But now, as the oldest of an estimated 90 million American millennials begin to turn 35, they will start to be counted on as the next leg in the bull market.
"They have spent nearly 15 years trying to get a good job, that's equivalent to what their talents are," says Don Hays, founder and chairman of Hays Advisory Group, in the attached video.
It's not going to happen overnight, but this veteran economic observer says the effect of a very bright, highly motivated chunk of the population that wants to move out from their parents and find good, steady work is going to be enormous, and familiar.

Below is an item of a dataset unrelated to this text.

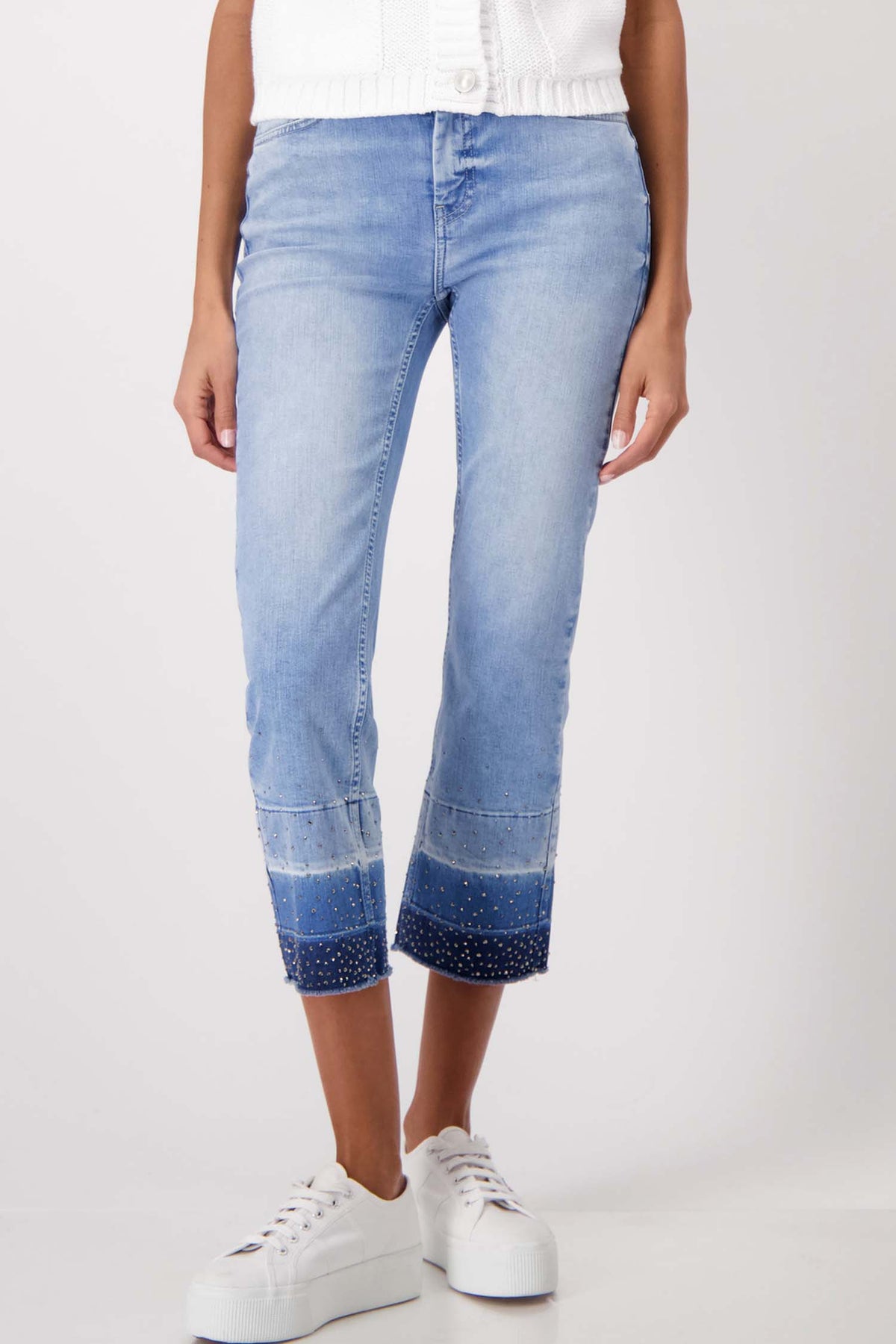 The Cropped Gradient Jeans w Rhinestones from Monari is crafted from high quality cotton blend, making them durable and comfortable, ensuring a slim fit with a normal rise. Features 5 pocket style and gradient with rhinestone embellishments, offering practicality while also adding a touch of sophistication. These 7/8 length jeans seamlessly combine fashion and comfort, making them perfect for any occasion.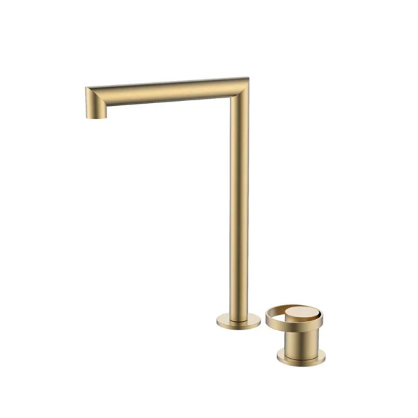 The brushed gold finish adds warmth and luxury while remaining resistant to fingerprints and corrosion. The minimalist single control knob allows for smooth and precise adjustment of water temperature and flow, providing both functionality and refined design.

"It's going to be very similar to what happened way back in 1980 when you had another generation taking the controls," Hays says. "They are going to usher us into a new world, just like we ushered an older generation into a new world."
For the record, from 1980 to the bursting of the dot-com bubble in 2000, the S&P 500 rose about 1,400%, from roughly 100 to nearly 1,5o0. By most accounts, it was a period of unprecedented change and technological advance.
To be sure, the millennials have faced their share of criticism but as a group they are much more globally oriented and comfortable with new technologies. But even though it could be argued that there is ample reason for millennials to steer clear of stocks, it is already apparent that stocks (e.g. big public companies) are very interested in them.
If Hays is right, it won't be a generation saying "me, me, me" as much as it will be a swarm of pent-up demand saying "more, more, more."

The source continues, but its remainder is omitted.